§ DESCRIPTION OF THE TASK:
Where the data below begins, start retyping exactly, and end on the line with "Oda Ekonomike e", which is included; no picture goes in.

§ DATA EXTRACT:

● ● ●

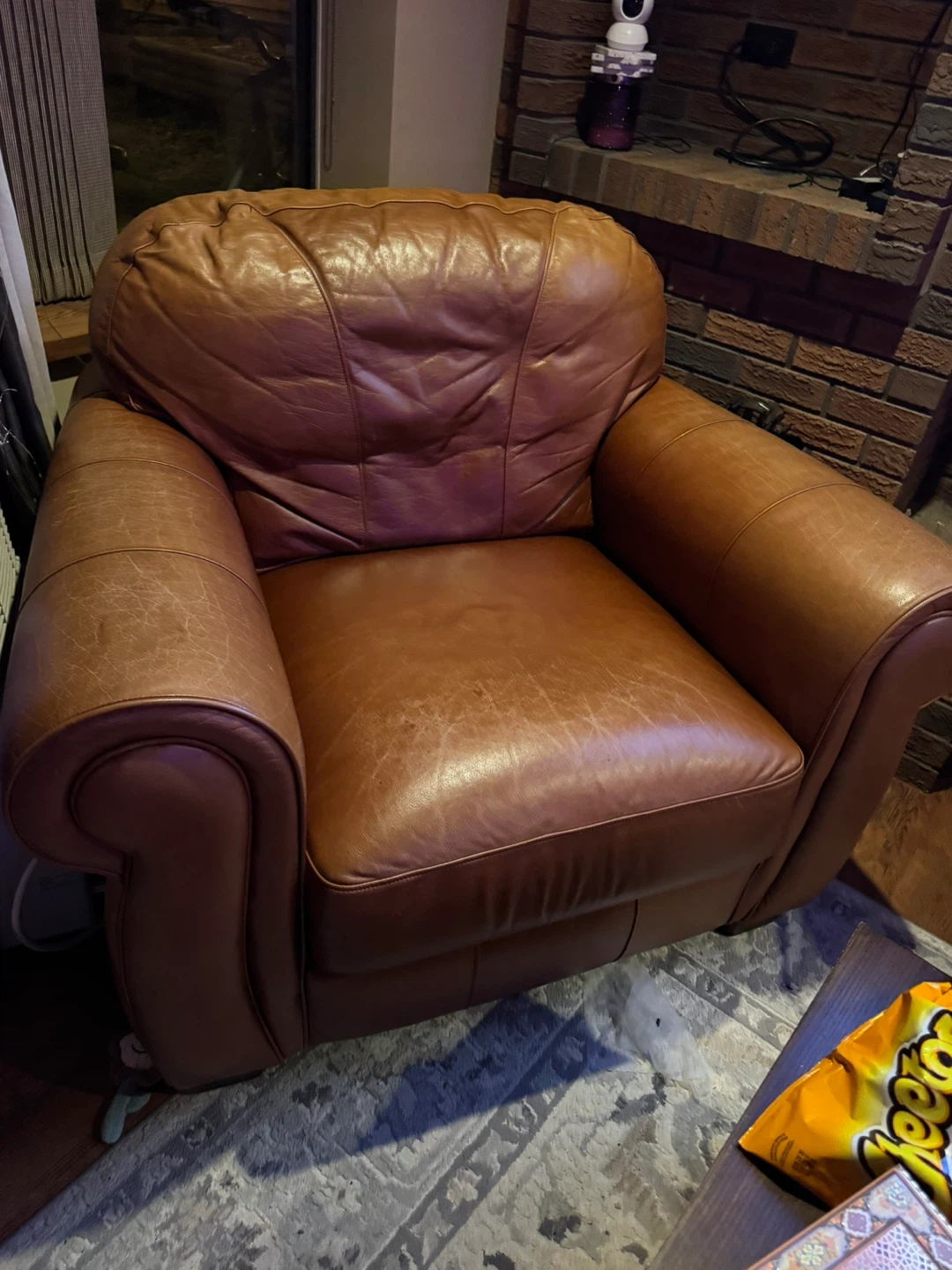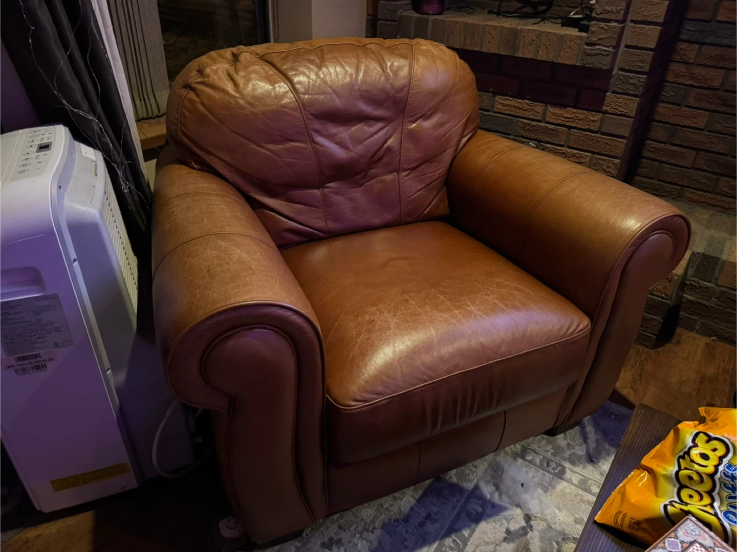 Comfortable brown leather armchair in good condition. It is a great addition to any living room or den. The leather has a nice, broken-in feel, perfect for relaxing after a long day! Please take a look at the photos for details
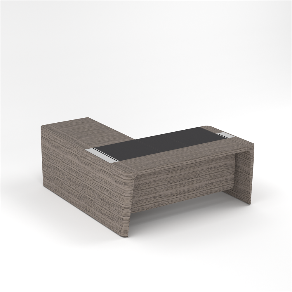 Стол для руководителя левый с кожаным бюваром, приставкой на малой тумбе и фронтальной панелью
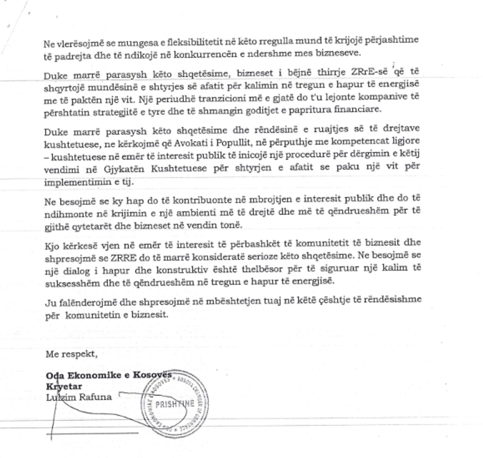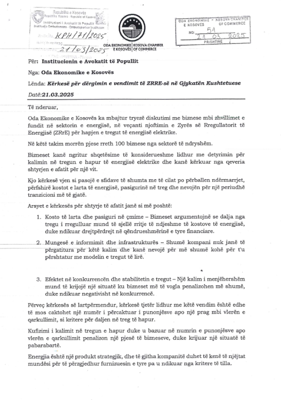 Oda Ekonomike e Kosovës i është drejtuar Avokatit të Popullit me kërkesë për të iniciuar në Gjykatën Kushtetuese, që të pezulloi vendimin e Zyrës së Rregullatorit të Energjisë (ZRrE) lidhur me
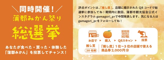この夏に開催された氷ってる系甘味の祭典「がま氷博覧会」(同協会主催)で好評だった総選挙については、今回も実施!今回の評価ポイントは「推し度」。参加店舗の商品をご飲食、ご購入された際に「これは推せる!」と感じた気持ちを店頭に置かれているQRコードから投票。届いた「推し度」はランキング形式で蒲郡市観光協会の公式SNSにて随時発表します。こちらも参加者の中から抽選で20名様に「推し賞」として蒲郡みかん祭り総選挙トップ3に輝いた店舗で使える2000円分の商品券をプレゼント。

● ● ●

§ EXERCISE ANSWER:
 Comfortable brown leather armchair in good condition. It is a great addition to any living room or den. The leather has a nice, broken-in feel, perfect for relaxing after a long day! Please take a look at the photos for details
 Стол для руководителя левый с кожаным бюваром, приставкой на малой тумбе и фронтальной панелью
 Oda Ekonomike e Kosovës i është drejtuar Avokatit të Popullit me kërkesë për të iniciuar në Gjykatën Kushtetuese, që të pezulloi vendimin e Zyrës së Rregullatorit të Energjisë (ZRrE) lidhur me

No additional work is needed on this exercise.